How do I enable and use memoization?¶
Flyte provides the ability to cache the output of task executions in order to make subsequent executions faster. A well-behaved Flyte Task should generate deterministic output given the same inputs and task functionality. This is useful in situations where a user knows that many executions with the exact same inputs can occur. For example, your task may be periodically run on a schedule, run multiple times when debugging workflows, or commonly shared across different workflows but receive the same inputs.
Enable Caching For a Task - SDK?¶
In order to enable your task to be cached, mark
@task(cache=True, cache_version='1.0.0') def hash_string_task(original: str) -> str: ...
A task execution is cached based on the Project, Domain, cache_version, the task signature and inputs associated with the execution of the task.
Project: A task run under one project cannot use the cached task execution from another project. This could cause inadvertent results between project teams that could cause data corruption.
Domain: For separation of test, staging, and production data, task executions are not shared across these environments.
cache_version: When task functionality changes, you can change the cache_version of the task. Flyte will know not to use older cached task executions and create a new cache entry on the next execution.
Task signature:: The cache is specific to the task signature that is associated with the execution. The signature is made up of task name, input parameter names/types and also the output parameter name/types.
Task input values: A well-formed Flyte Task always produces deterministic outputs. This means given a set of input values, every execution should produce identical outputs. When a task execution is cached, the input values are part of the cache key.
Notice that task executions can be cached across different versions of the task. This is because a change in SHA does not neccessarily mean that it correlates to a change in task functionality.

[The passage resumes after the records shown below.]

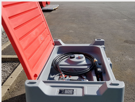
440 LITRE MOBILE DIESEL TANK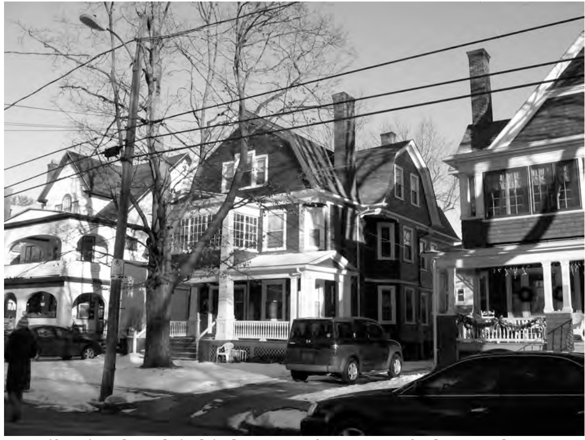
West (front) and south (side) elevations of 264-266 Oxford Street, showing façade, porch, and window details. Camera facing northeast. Photograph 12 of 30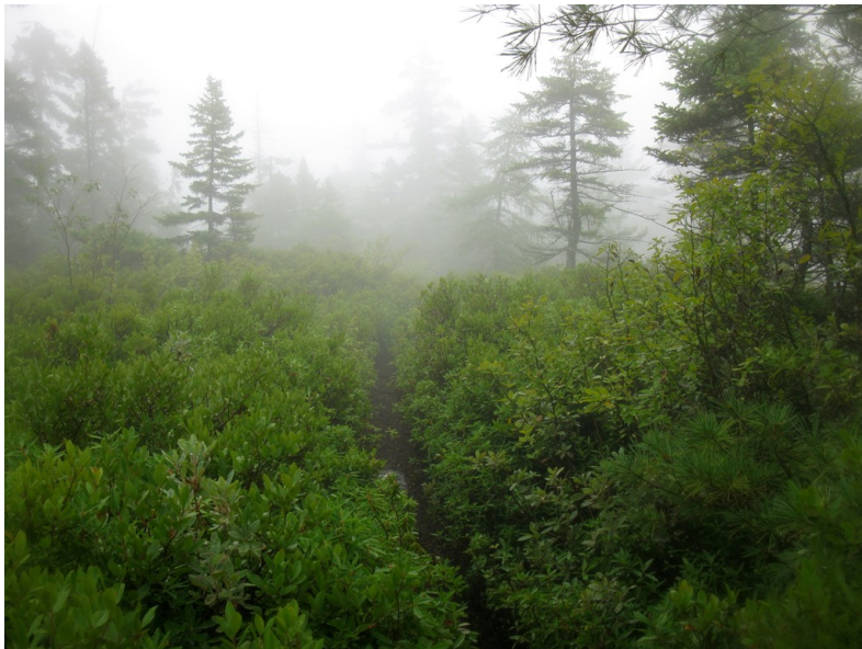
The trail on Chairback Mountain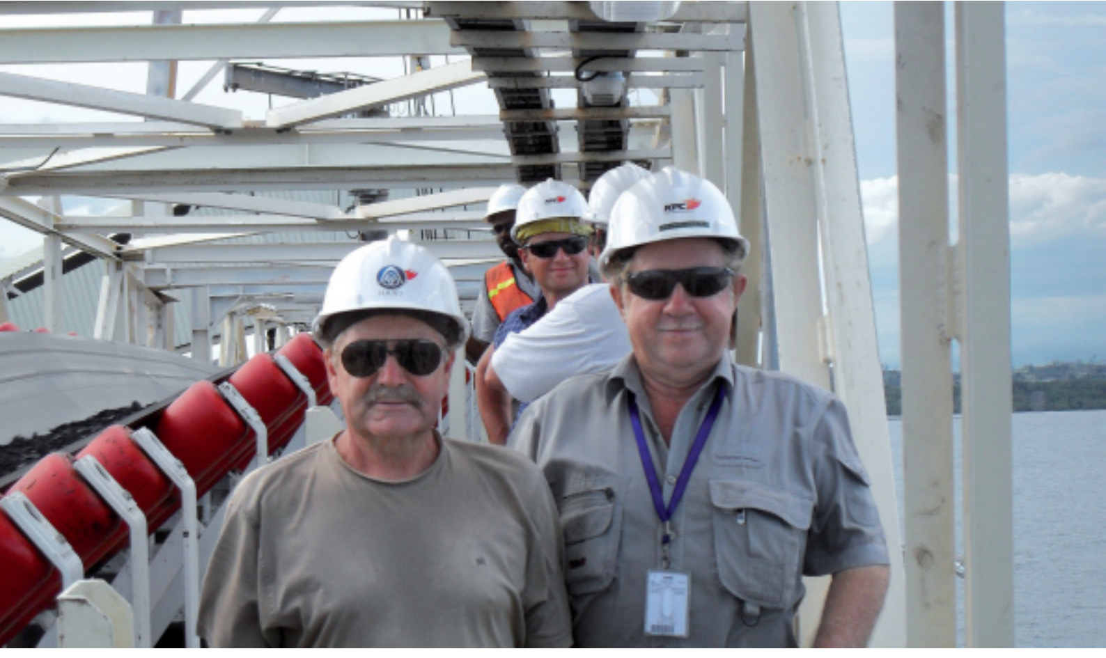
On site: Employees of ThyssenKrupp St. Ingbert and KPC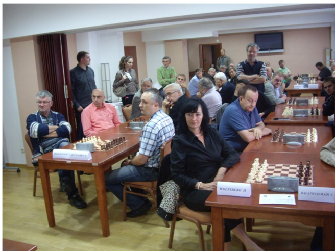
25th Chess Tournament "Alps-Danube-Adriatic" can start!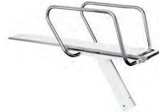
2/3 Meter Deck Level Comes primed and ready to paint.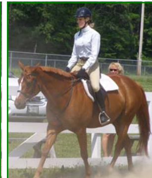
Crystal Clukey Reserve Championship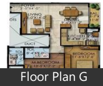
Floor Plan G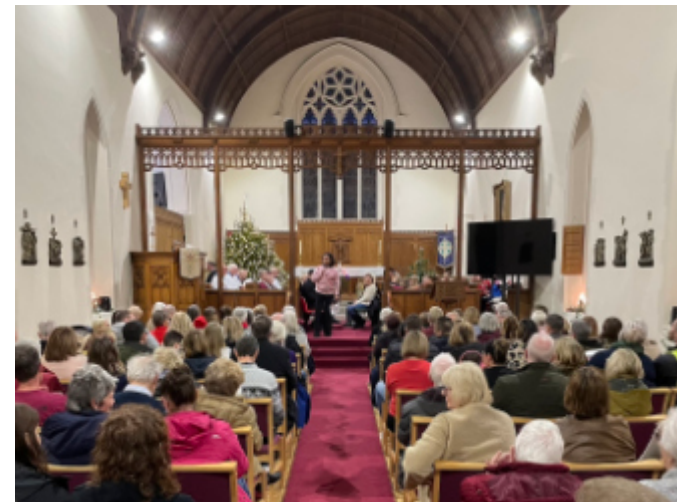
House Full at St Hilary's Church Carol Service.... no room in the Inn....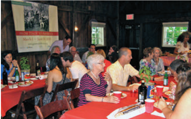
Guests chow down at last year's Festa

serve 6–8), and we'll supply the wine, musical entertainment and crafts for kids. Demonstrate your culinary skills in one of four categories: antipasti/appetizers, pasta/main dish, sides/salads, or desserts. Mangiamo!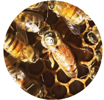
Young, healthy, proven queens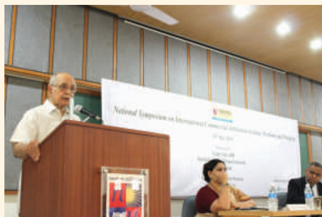
A glimpse of the National Symposium at IL-NU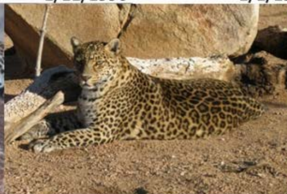
Akasha - Spotted Leopard 1/4/1993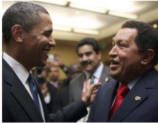
Socialist dictators think alike.

http://www.breitbart.com/article.php?id=D99P3IKO0&show_article=1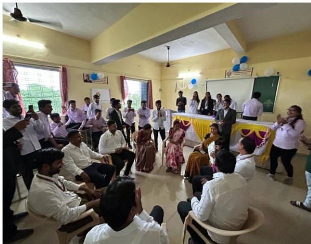
Faculty Programme Arrange by Student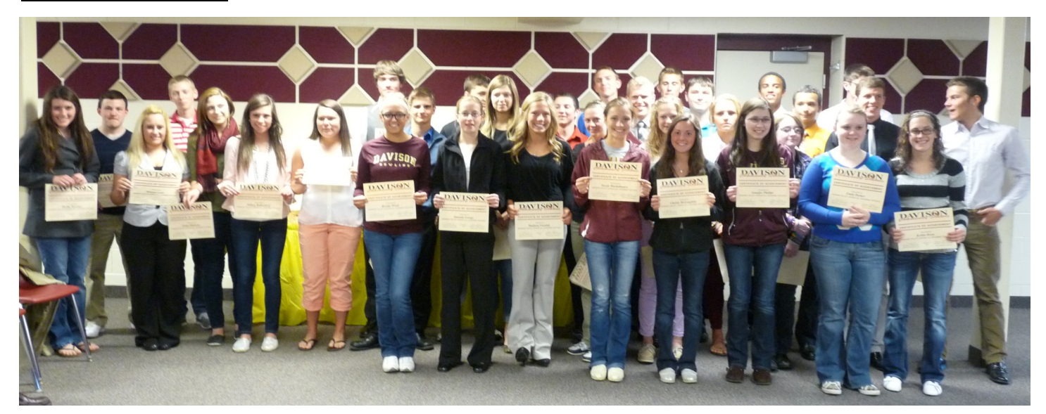
Student athletes attend Monday night's Board of Education meeting to receive their All Academic certificate.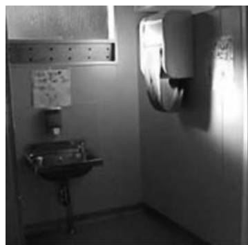
Picture retrieved Dec 2008 from http://www.technion.org.nz/Case-studies/Classroom-practice/archive-2006/nicer-loos/page7.htm

During a discussion about a lunchtime ‘toilet’ incident, students in a year 3-4 class (age 7 or 8) identified that there were problems with regards to the toilets. There was general agreement that the toilets were unpleasant to use and from this the teacher and students decided they should do something about them. To achieve a successful outcome, the teacher developed a range of learning experiences related to technology, the arts, maths and English. They worked with a number of ‘experts’ from the local community to learn art concepts and practices, science understandings, explore health issues and people’s response to these. They brought all these together within technological practice to make an informed and sustainable change to their school toilets. In so doing, these students met specific learning outcomes from science, health and physical education as well as technology.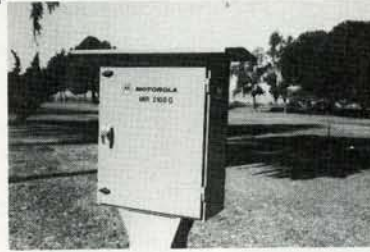
MIR-2100 FIELD UNIT ON CITY OF LOS ANGELES ENCINO GOLF COURSE

WORLDWIDE LEADER IN ELECTRONICS SINCE 1928.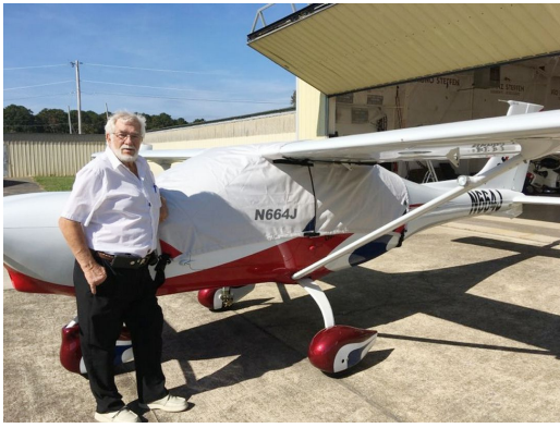
Jabiru 230SP Canopy Cover, Over-Top Style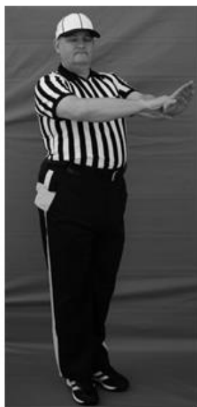
26. illegal Block Grasping wrist and pushing forward from shoulder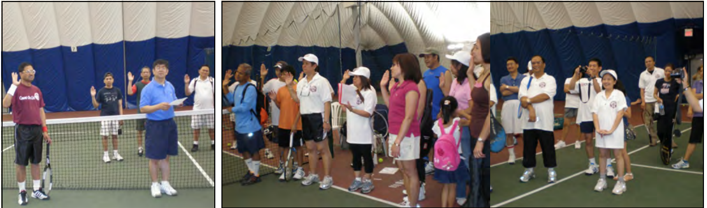
Pledge of Sportsmanship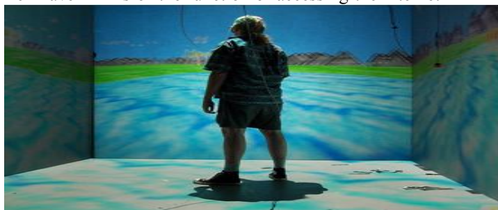
Figure 1. Front view of the cave virtual automatic environment

be instead of using macro screens controlled by equal size computers we can think of something really small. Technology already allows us to think of the contact lenses which have LED's or the function of accessing the internet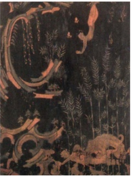
Left: Tamamushi no Zushi, Right: Shashin Shiko zu

If the voluntary death is to save others or to dedicate themselves to superior things, the actions of these Japanese are prone to be approved, yet charitably. Moreover, it is seen as a practice of the noble altruism, far from self-centeredness. It is defined as a glorious and benevolent self-sacrifice developed by the Bodhisatta Path from the Mahāyāna perspective. The sequent observation confirms that the irresolute and hesitant death is not ideal to the Japanese, but rather they prefer the mindful readiness for death when they think it is worthy. Such a determined will to the moment of death as "Isagi-yoku" as explained above, is seen influenced by the Japanese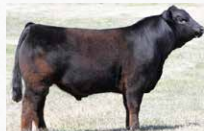
Checking Account - Service Sire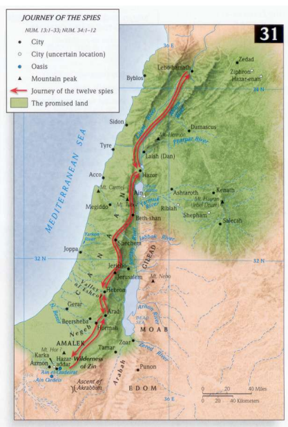
JOURNEY OF SPIES - Click to enlarge Holman Bible Atlas (digital book; Hardcover) One of best resources for Bible maps Please do not reproduce map on another webpage.

Numbers 13:21-23+ So they went up and spied out the land from the wilderness of Zin as far as Rehob , at Lebo-hamath. 22 When they had gone up into the Negev, they came to Hebron where Ahiman, Sheshai and Talmai, the descendants of Anak were. (Now Hebron was built seven years before Zoan in Egypt.) 23 Then they came to the valley of Eshcol and from there cut down a branch with a single cluster of grapes; and they carried it on a pole between two men, with some of the pomegranates and the figs.

Flyte provides several ways to break the old task execution cache, and cache new output:
cache_version: this field indicates that the task functionality has changed. Flyte users can manually update this version and Flyte will cache the next execution instead of relying on the old cache.
Task signature: If a Flyte user changes the task interface in any way (such as by adding, removing, or editing inputs/outputs), Flyte will treat that as a task functionality change. On the next execution, Flyte will run the task and store the outputs as new cached values.